Previously, it was shown that SNP rs9277534 regulated the expression of HLA-DP antigens affecting several important physiological and pathological pathways [18], [19]. Spontaneous recovery from Hepatitis A virus infection in Asian and European individuals carrying the rs9277534A variant has previously been reported [20], [21]. Furthermore, protection against Dengue fever was associated with allele G as well as the GG genotype [22]. Variant rs9277534G predisposes the autoimmune process in liver disease [23], as well as being associated with the outcome of hematopoietic stem cell transplantation [24].

In our study, we showed for the first time that HLA-DP expression can influence the progression of COVID-19. We hypothesize that this is indicated by a difference in the distribution of the rs9277534 SNP polymorphism, which is in linkage disequilibrium with HLA-DP alleles.

Our data showed that in COVID-19 patients, variant rs9277534A is increased (Table 3). As this SNP was significantly higher in patients who progressed to a severe COVID-19 disease, it might be directly linked to a lower antigen presentation [13]. The presence of the SNP rs9277534A is associated with lower HLA-DP antigen expression; supposedly this might impact the SARS-CoV-2-derived peptide repertoire that antigen presenting cells could process and present to the virus-specific CD4+ T-cells [13], [25], [26].

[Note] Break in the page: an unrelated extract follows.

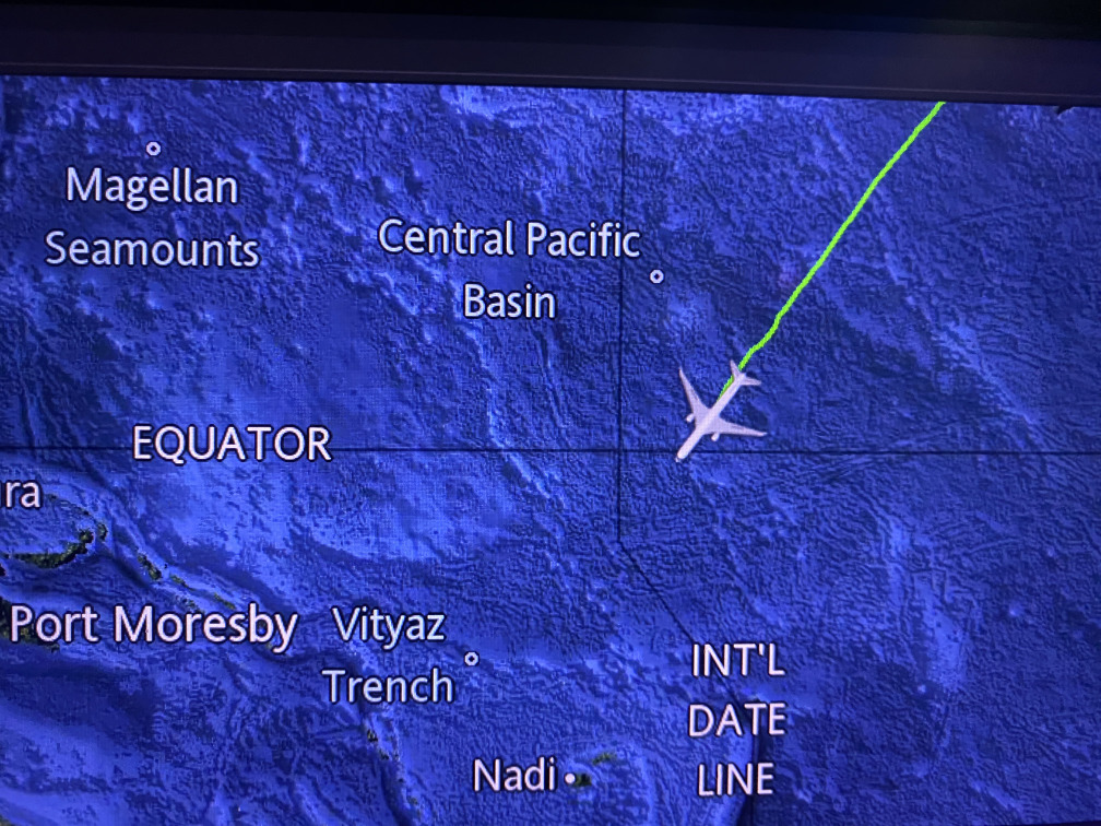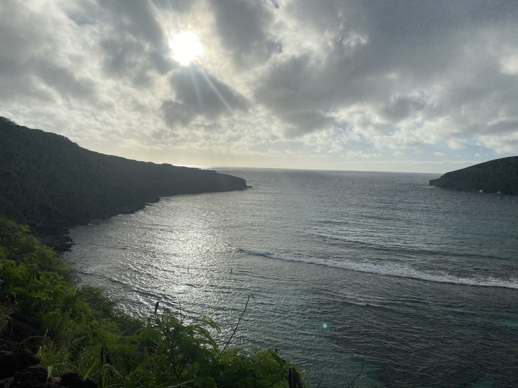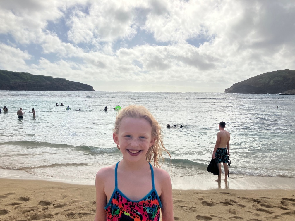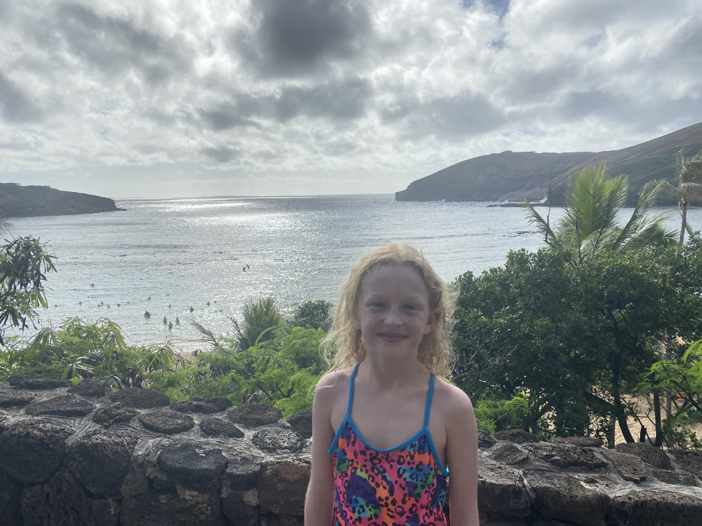 Good morning Hanauma Bay!There’s a gentle walk from the visitor’s center down to the bayMore suspcious birds, a whole tree of them. Are they following us?Ella ready to snorkel!We love snorkelling!We all snorkeled with great enthusiasm. Fin takes a break.As we were leaving, the sky cleared upWe loved Hanauma Bay! Snorkeling was the best.The next day a 10 hour flight to Sydney, Australia! We crossed the equator and the international date line around the same time.

Therefore, the decrease in the presentation of viral antigens can be linked to more severe disease development. We believe that the effect associated with alternative HLA-DP expression may also be evident in COVID-19, facilitating viral clearance and reducing the risk of infection-associated immune complications.

Conclusions

HLA-C*04:01 homozygosity can be an important factor associated with COVID-19 in the Russian population of South Ural.

HLA-A*01:01 can be protective against the development of severe symptoms of COVID-19

Polymorphism within the antigen binding group among different HLA antigens is less important for infection development than the level of expression of HLA-DP products. Individuals with low HLA-DP expression were found to be more susceptible to the COVID-19 infection.

Funding information

The research was funded by RFBR and Chelyabinsk Region, project number 20-44-740004 (S.T.A.).

Authors' contributions

S.T.A., V.M.N., K.I.A. conception and study design. K.I.A., V.M.N., and E.A.E. performed the laboratory tests. S.D.S., B.S.V., V.M.N analysis and interpretation. S.T.A. and A.G.S. compiled the data and wrote the manuscript.

Declaration of Competing Interest

The authors declare that they have no known competing financial interests or personal relationships that could have appeared to influence the work reported in this paper.